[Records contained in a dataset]
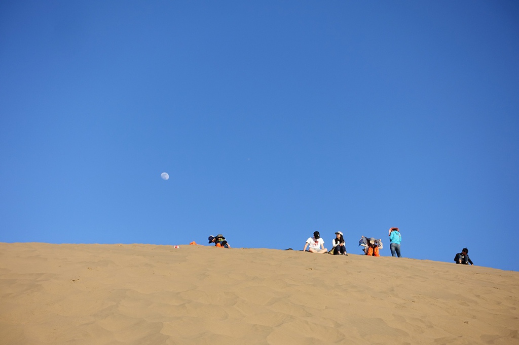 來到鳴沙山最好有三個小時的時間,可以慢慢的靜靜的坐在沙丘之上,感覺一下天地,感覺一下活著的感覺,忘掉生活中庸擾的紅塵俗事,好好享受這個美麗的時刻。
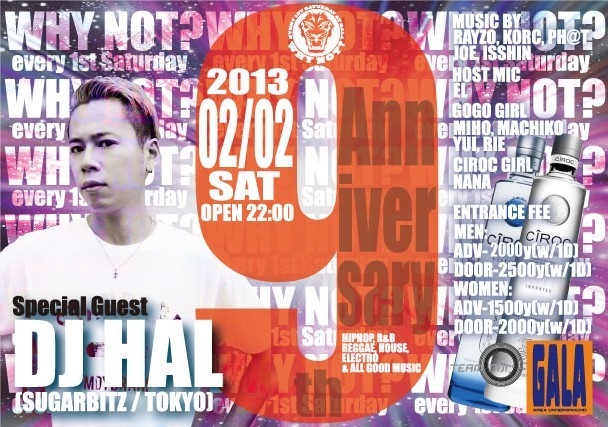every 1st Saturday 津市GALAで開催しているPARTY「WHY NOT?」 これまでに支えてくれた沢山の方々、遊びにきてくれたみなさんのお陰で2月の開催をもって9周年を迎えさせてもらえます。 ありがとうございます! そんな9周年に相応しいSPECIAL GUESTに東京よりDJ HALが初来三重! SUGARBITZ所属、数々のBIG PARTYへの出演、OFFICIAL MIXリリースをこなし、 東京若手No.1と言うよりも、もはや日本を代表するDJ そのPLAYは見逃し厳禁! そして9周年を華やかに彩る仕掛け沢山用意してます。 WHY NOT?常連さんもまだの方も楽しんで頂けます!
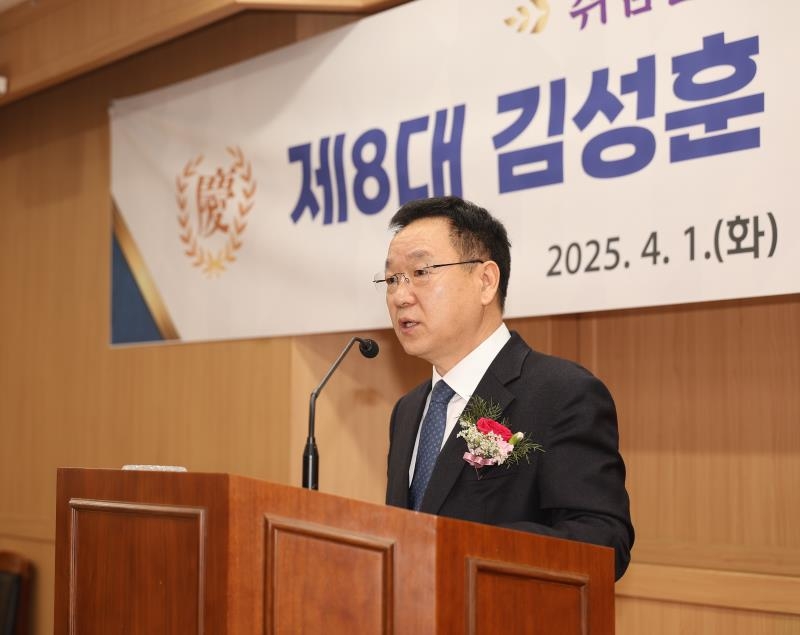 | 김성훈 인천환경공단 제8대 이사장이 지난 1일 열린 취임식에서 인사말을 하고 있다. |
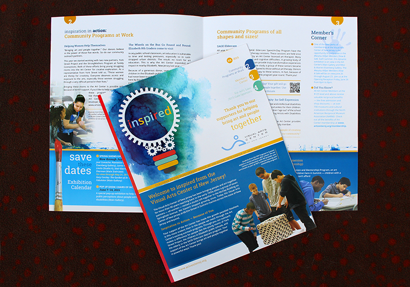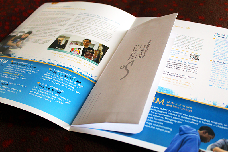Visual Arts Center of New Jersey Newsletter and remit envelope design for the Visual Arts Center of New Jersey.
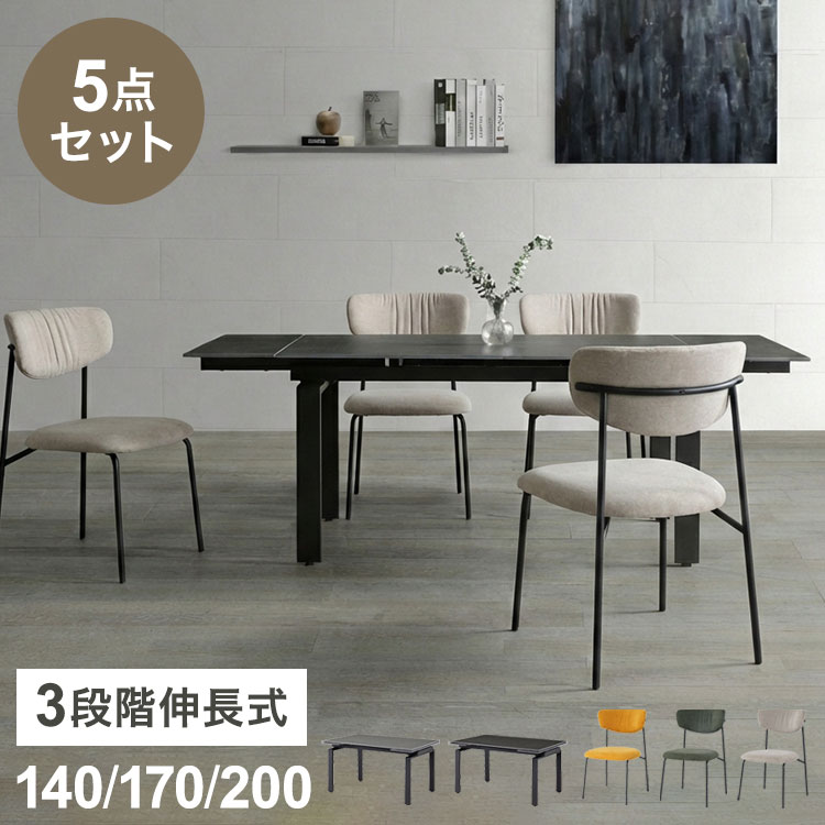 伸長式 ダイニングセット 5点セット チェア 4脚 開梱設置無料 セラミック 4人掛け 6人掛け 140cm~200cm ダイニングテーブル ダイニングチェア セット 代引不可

**EXERCISE BRIEF:** With the pictures left out, give again exactly the lines from the one with "인사말을 하고 있다. |" through the end of the data, both included.

**ANSWER BOX:**
 | 김성훈 인천환경공단 제8대 이사장이 지난 1일 열린 취임식에서 인사말을 하고 있다. |
Visual Arts Center of New Jersey Newsletter and remit envelope design for the Visual Arts Center of New Jersey.
 伸長式 ダイニングセット 5点セット チェア 4脚 開梱設置無料 セラミック 4人掛け 6人掛け 140cm~200cm ダイニングテーブル ダイニングチェア セット 代引不可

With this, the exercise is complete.